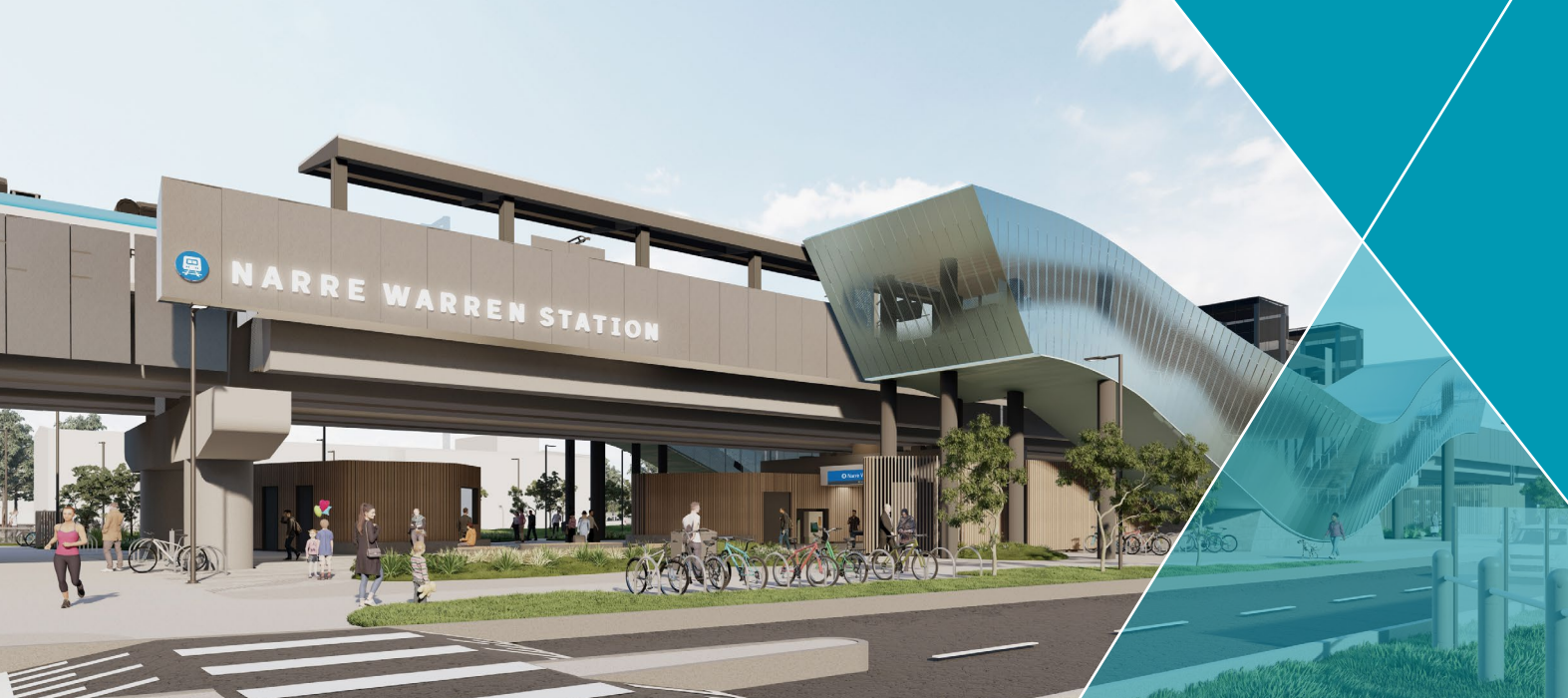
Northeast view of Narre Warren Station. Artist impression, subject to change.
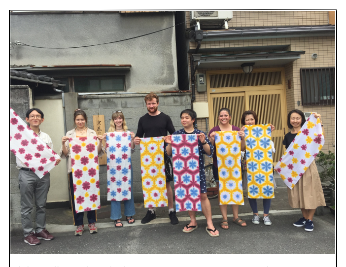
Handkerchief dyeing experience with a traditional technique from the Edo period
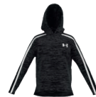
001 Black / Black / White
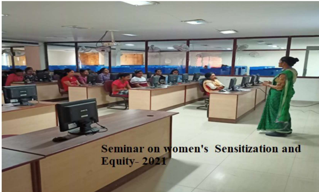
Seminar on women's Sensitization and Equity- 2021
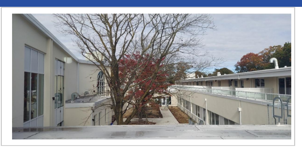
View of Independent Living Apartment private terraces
--
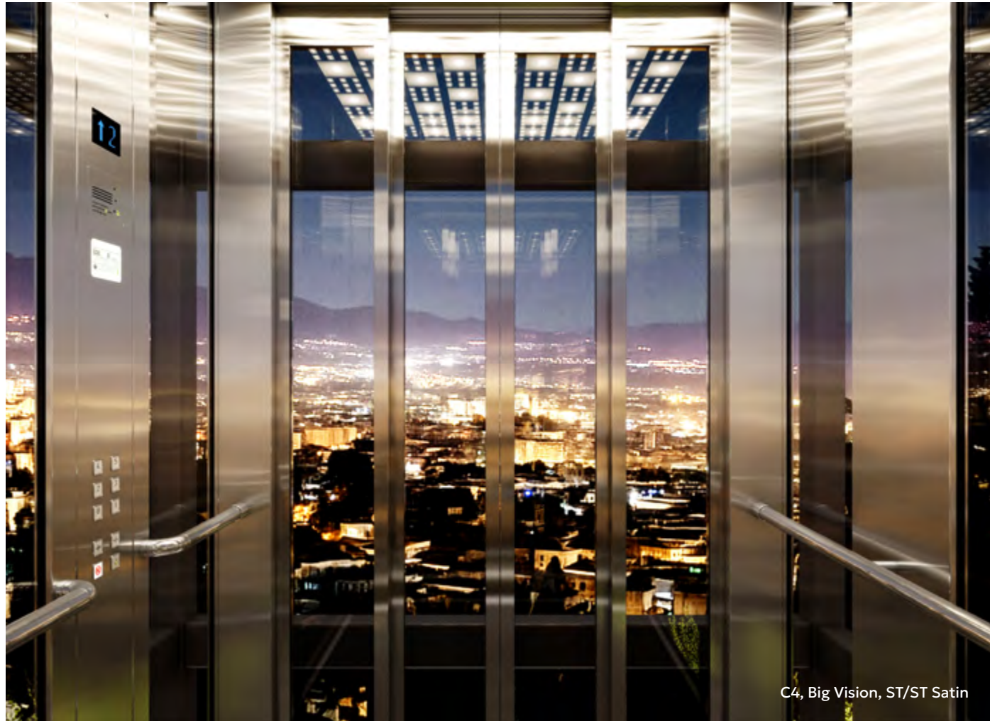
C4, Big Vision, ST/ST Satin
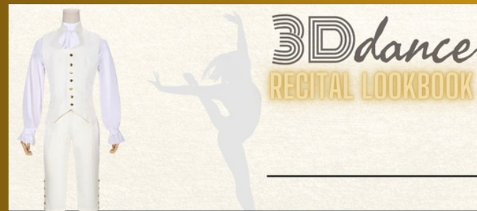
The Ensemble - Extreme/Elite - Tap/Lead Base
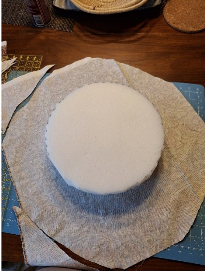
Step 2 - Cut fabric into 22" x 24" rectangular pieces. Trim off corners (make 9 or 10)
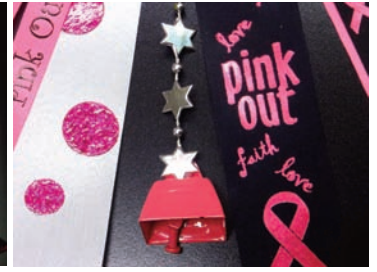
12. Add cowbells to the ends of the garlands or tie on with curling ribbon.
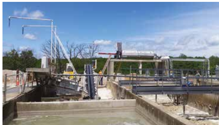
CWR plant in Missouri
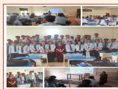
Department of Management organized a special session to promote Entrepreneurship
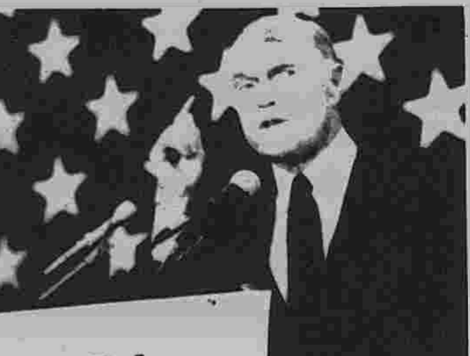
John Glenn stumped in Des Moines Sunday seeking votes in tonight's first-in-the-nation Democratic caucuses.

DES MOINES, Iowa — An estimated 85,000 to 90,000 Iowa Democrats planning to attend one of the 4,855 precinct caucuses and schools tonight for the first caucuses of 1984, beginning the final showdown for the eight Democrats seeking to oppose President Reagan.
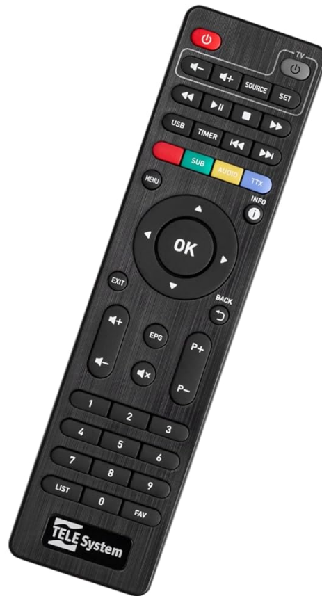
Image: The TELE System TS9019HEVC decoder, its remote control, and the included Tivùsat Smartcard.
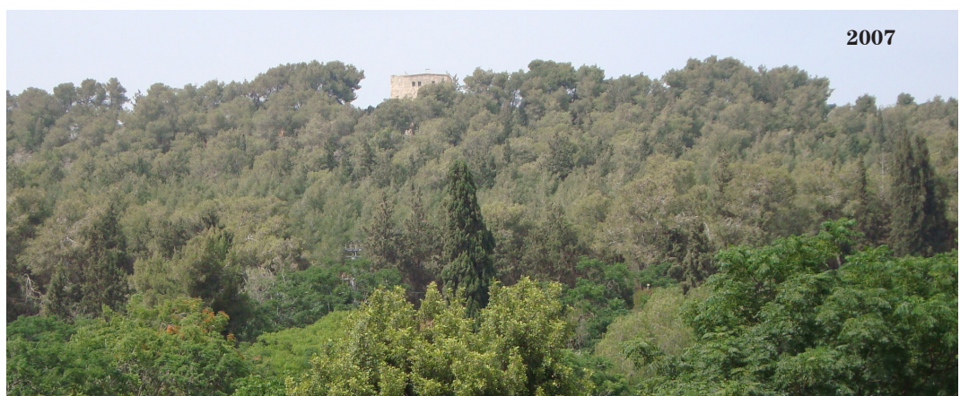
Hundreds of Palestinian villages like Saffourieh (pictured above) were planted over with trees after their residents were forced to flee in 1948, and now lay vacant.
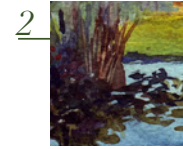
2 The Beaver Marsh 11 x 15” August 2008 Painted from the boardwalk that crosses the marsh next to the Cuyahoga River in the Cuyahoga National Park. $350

Task requirements: In the listing above, find every line with the string "from" and state how many there are, with no other words.

Answer to this task: 2